= Larry Elsner =

American sculptor and academic

Larry Elsner (1930-1990) was an art professor, sculptor, and sketchbook artist who taught at Utah State University for thirty years. Known throughout the world for his art, he lived most of his life in Logan, Utah with his wife Yoko Yamakawa until his death on March 27, 1990.

== Early life ==
Elsner was born in Gooding, Idaho in 1930 and was raised on his family's ranch. This environment had a profound effect on him, and he would bring these influences with him to his work. In 1948 he enrolled in the University of Idaho and graduated in 1951. Two years later, he joined the United States Navy. In 1955, he left the Navy and attended Utah State University, from which he graduated with a Bachelor's in Fine Arts in 1957. He then went to Columbia University where he studied under Oronzio Maldarelli, earning a Master's degree in 1958. In addition to these degrees, Elsner also studied metalsmithing at the Cranbrook Academy of Art and sculpture and pottery at the Archie Bray Foundation.

== Professorship and professional artwork ==
In 1960, Elsner joined the faculty at Utah State, teaching anatomy, drawing, ceramics, metalsmithing, jewelry casting and sculpture. During this time, he worked on art projects of his own in bronze, stone, plaster, clay, metal and wood. He would often use his own work as a model for his students. As a product of his creative process, Elsner created hundreds detailed and precise sketched studies, some of which became artworks in and of themselves. These sketchbooks are currently stored in the Special Collections and Archives department of the Merrill-Cazier Library at Utah State University. A digital collection of many of these drawings can be found here in an exhibit in USU's Digital History Collections.
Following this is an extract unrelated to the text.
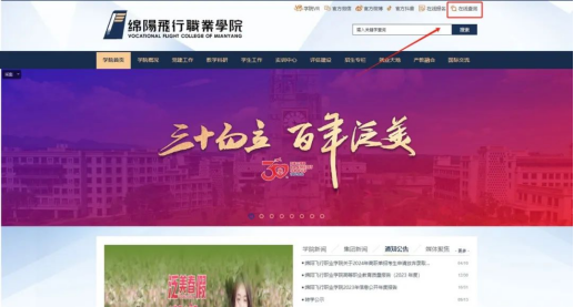 1. 进入绵阳飞行职业学院官网(https://www.topflying.com.cn/);

== Interracial marriage and its effects ==

=== In America ===
Logan, Utah was not unlike the rest of the states during the time of the Civil Rights Movement. As a result, the marriage of Elsner and Yoko Yamakawa was not well-accepted by the local community. Some of Elsner's former friends would not speak to him because of his decisions, and although his wife was a skilled microbiologist, she was not able to get a professorship at the University. Her highest level of work was that of a research supervisor.

=== In Japan ===
Upon Elsner's first visit with his wife to Japan, he was welcomed warmly and treated very well. The Japanese people, especially in Tokyo, loved his sculptures, particularly because they were unglazed. His previous research in Chinese art forms and history had opened the door to more research into Asian art and Asian studies in general. These factors combined with his skill in sculpture and other art forms gave him the leverage he needed to open four one-man exhibits in Tokyo, each of them receiving critical approval. His visits to Japan led to an oriental influence on his art which was valued both in Japan and in America.

== Awards ==
In 1962, Elsner won the Ford Foundation Purchase Award. He also won three merit awards at the Utah Designer Craftsman Show.